My colorblindness was shattered that day in the Principal’s office. Skin color became a thing that tainted all of us, me most of all. My whiteness set me apart from my Black friends. It made me suspect. It tainted me with the guilt of my forefathers and of my own prejudiced step-dad and other family members. It did not change my feelings for my Black friend or her kind family. But it changed my feelings for that Black girl who kicked me. I learned how my whiteness had marked me as a member of a race whose prejudice had scarred her, and how I had unwittingly contributed to that. I had a crash course in race relations, and from what I could see it was the White race, who had enslaved and oppressed others who were the tainted race, not the people who we had oppressed and continued to discriminate against.

Not long after that my stepdad was transferred to Vandenburg Airforce Base on the central coast of California. There were no Black children in the school I attended there, and very few in the small town I grew up in.

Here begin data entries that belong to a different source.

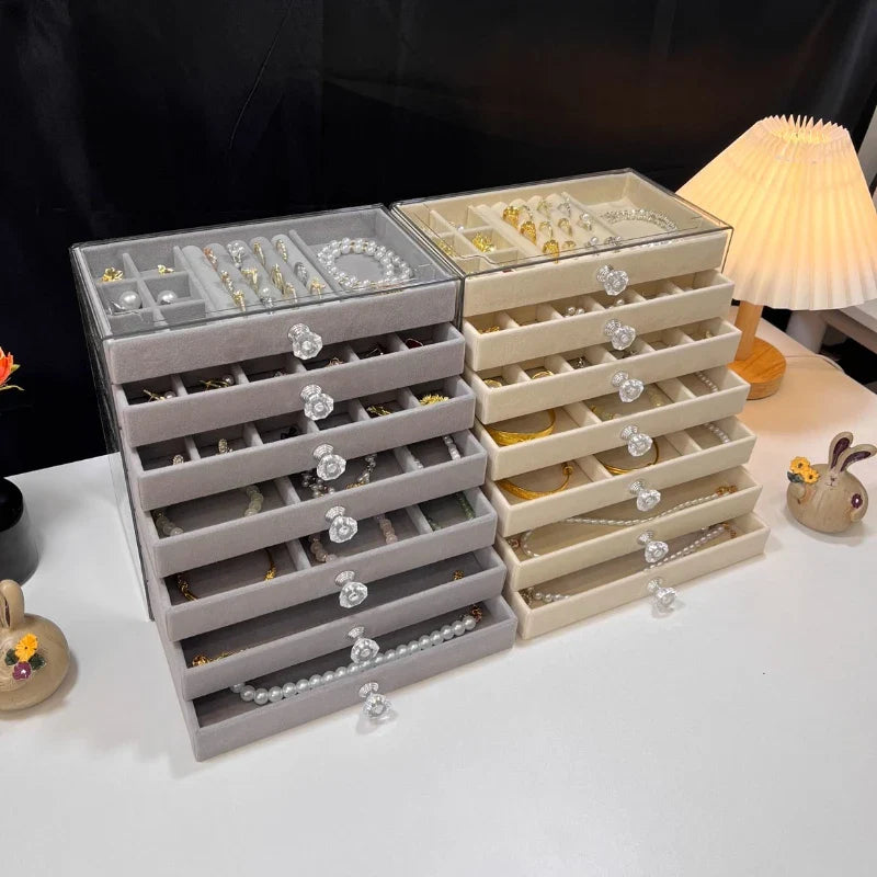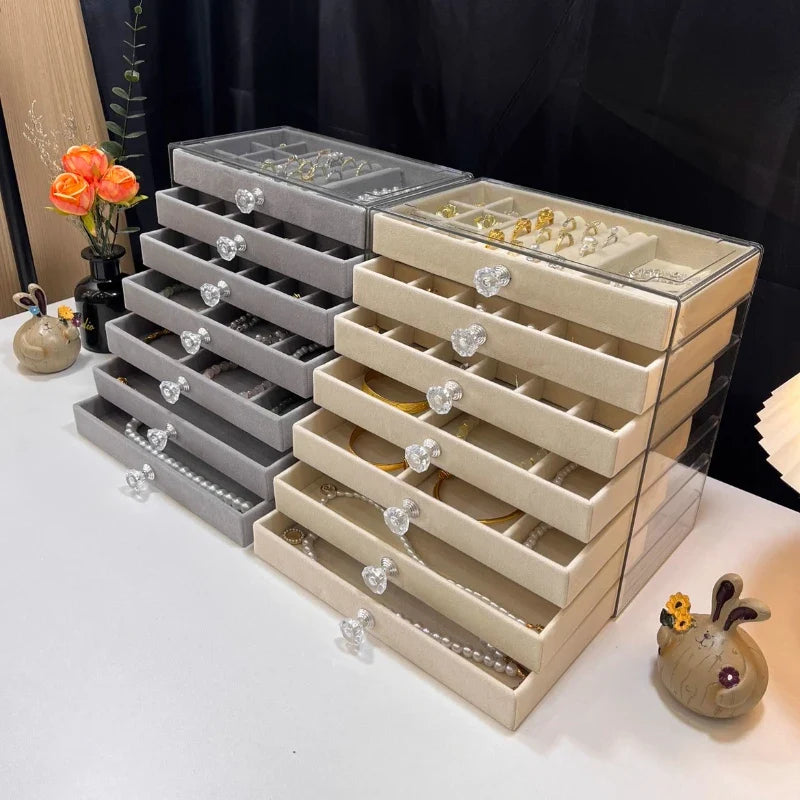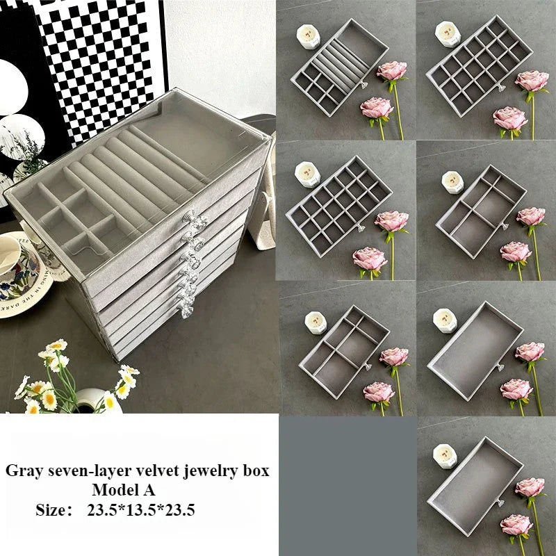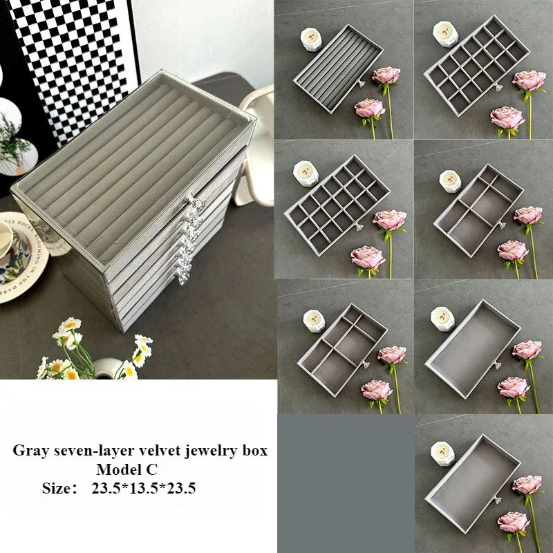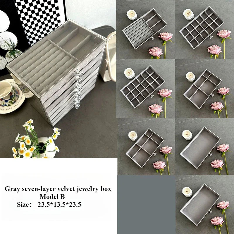 Introducing the Ljojo™ 7-Layer Jewelry Organizer with Grids, Drawer, and Display Rack - the ultimate solution for stylishly storing and displaying your precious jewelry collection. Crafted with the finest quality materials, this jewelry storage box exudes a touch of elegance and sophistication.
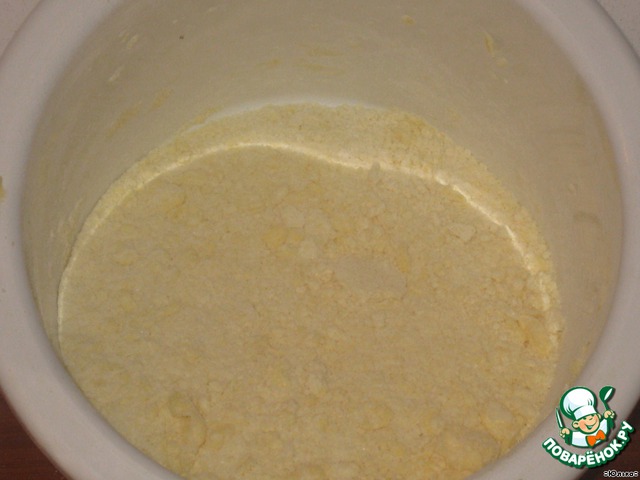 Масло сливочное рубим мелко, добавляем муку и половину порции сахарного песка.
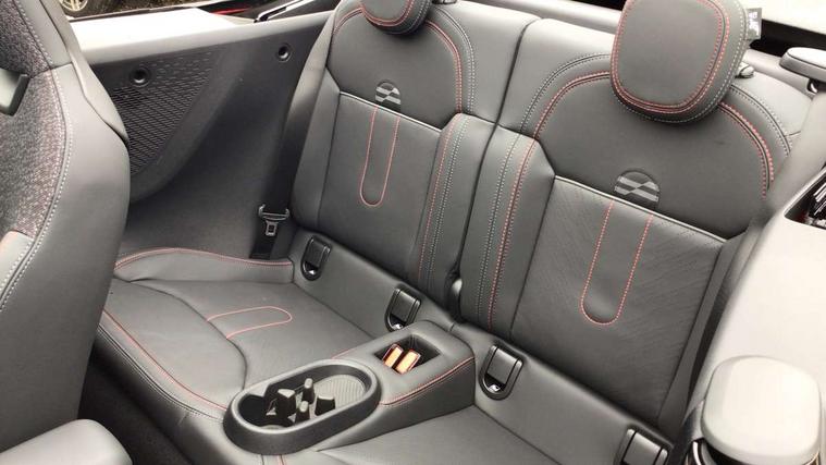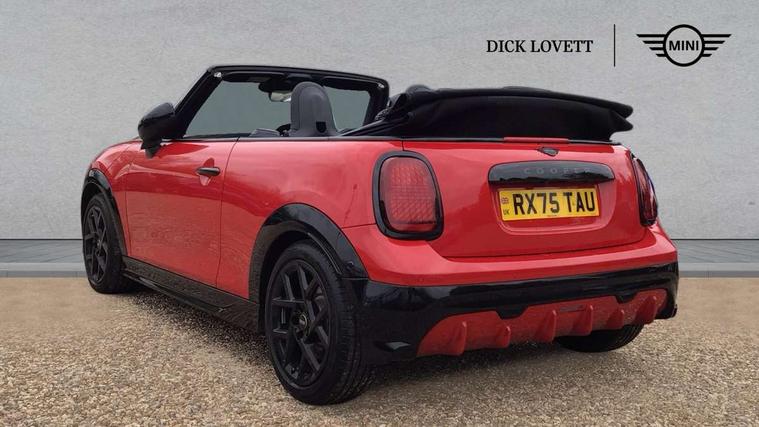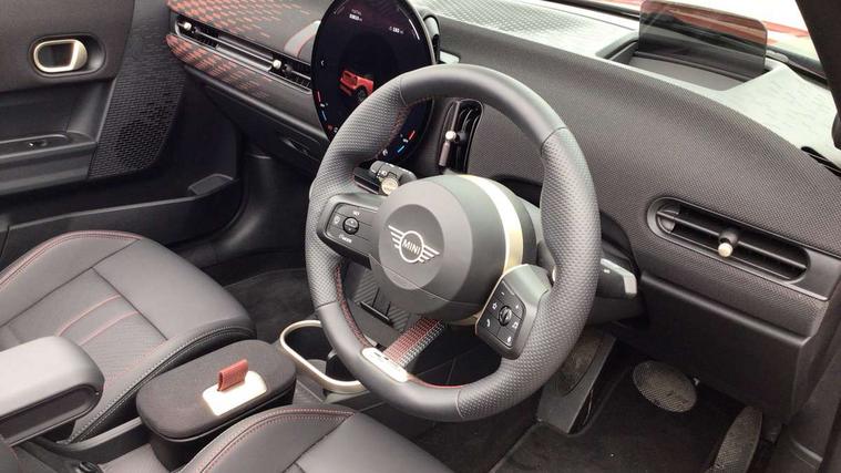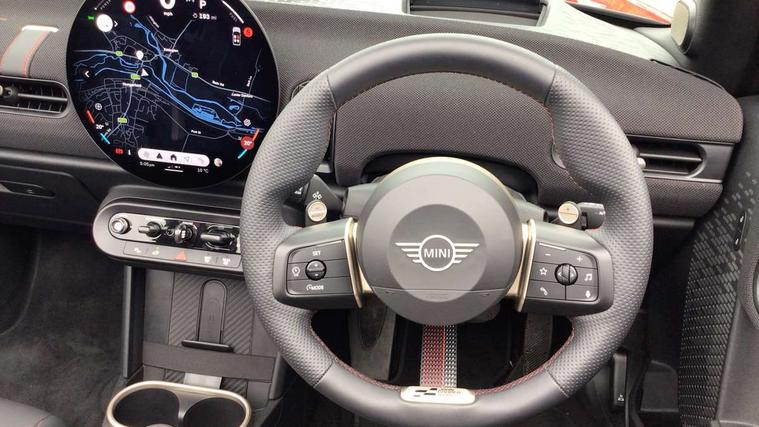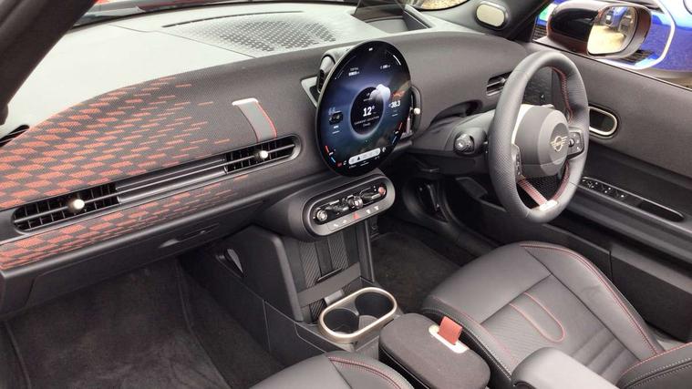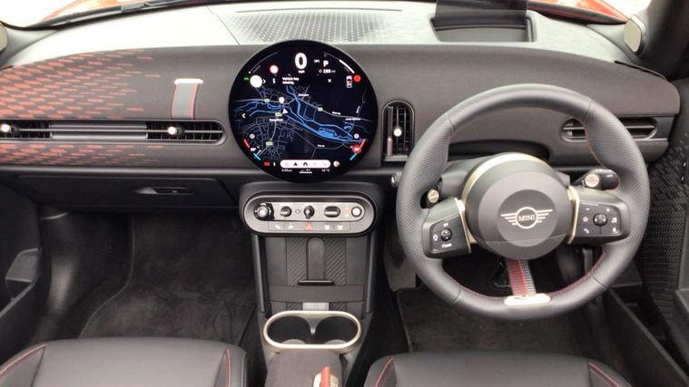 Always open timer, Central toggle bar, Circular OLED Screen, Compatible mobile phone bluetooth with audio streaming, Cruise control, Digital instrument cluster, e-Call (emergency call), MINI Experience Modes, Mini navigation system, On board computer, PAS, Service interval indicator, 7 speed steptronic transmission with double clutch, Adaptive suspension, DAB Digital radio, Personal eSim, Auto headlights, Electric front windows, Front and rear apron, High gloss hexagonal patterned grille surround, LED 3rd brake light, LED daytime running lights, LED Headlights, LED indicator lights, LED rear lights, Logos in Vibrant Silver, Rain sensor window wipers, Rear boot, Rear fog lights, Rear roof spoiler with airblades, Wind deflector, 2 seat bench in second row, 2 zone automatic air conditioning, 60/40 rear seat bench, Ambient lighting, Black lower band in high gloss, Floor mats, Front and rear head restraints, Front compact armrest, Heated steering wheel, Height adjustable passenger seat, Lidded storage box in Black/Red knit, Light headliner, Luggage compartment lighting, Partially perforated vescin steering wheel with red accent, black/red decorative strap, Single front passenger seat, Steering wheel paddle shift, Sunvisors with vanity mirrors, Driving assistant pack - Cooper Convertible, Park assistant pack - Cooper Convertible, 3 point seatbelts on all four seats, 6 Airbags - front, side, head and seat belt tensioners, Anti-lock braking system (ABS), Brake caliper in Black with JCW badge, DSC - Dynamic Stability Control, Electronic parking brake, Front and rear disc brakes, Front ISOFIX (iSize), Front passenger airbag deactivation, JCW Sport Brakes, Traction control, Tyre pressure monitoring system, Alarm, Immobiliser, Physical spare key (not digital), Remote central locking, Black/Red decorative dash strap, Tyre repair kit,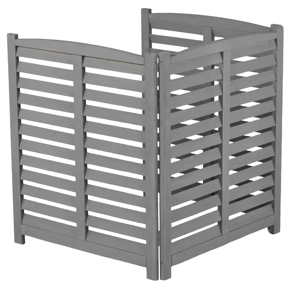 Conceal unsightly air conditioners, garbage cans or dumpsters with this Suncast Outdoor Screen Enclosure. This enclosure includes 8 panels and 10 posts that can be arranged in an "L", "U", or zig-zag shape. Made of durable resin, this Suncast Outdoor Screen Enclosure offers steel posts with a water-resistant, powder-coated finish. This Suncast Outdoor Screen Enclosure is easy to set up, making it very versatile. Each panel is 44 inches tall and 23 inches wide. This panel set measures 92.5 inches wide altogether. Since the design does not stand freely, make sure to secure the panels in the ground with stakes (not included) to withstand the elements. This decorative screen keeps your lawn impeccable.

I feel for the girl who had kicked me, the hurt and outrage she must have felt as I passed her holding in my skirt, calling her that name. I feel for my friend and her mother, that they had been put into the position of defending me against another Black child, even a trouble-maker. I wonder what damage I did to race relations in that family who had welcomed me into their home with such loving-kindness, only to hear about what I had called another child, and feel betrayed.

The experience only deepened my empathy toward others and my commitment to fight for equality and justice for all people, whatever our race or ethnicity, gender or faith, economic status or sexual preference. But it also made me realize how easily we can misjudge each other, how a sense of injustice (hers and mine) can make us say or do hurtful things, things we wouldn’t if we knew better. How difficult it is to win trust and sustain it.

The worldwide protests against racial injustice, the insistence that Black Lives Matter, the kneeling of police officers with protesters, the public outrage against the senseless, violent deaths of Black men and women, make me hopeful that change is possible, that change is coming. None of us are free until all of us are free. That’s a lot of freedom yet to win. We’ve no time to lose.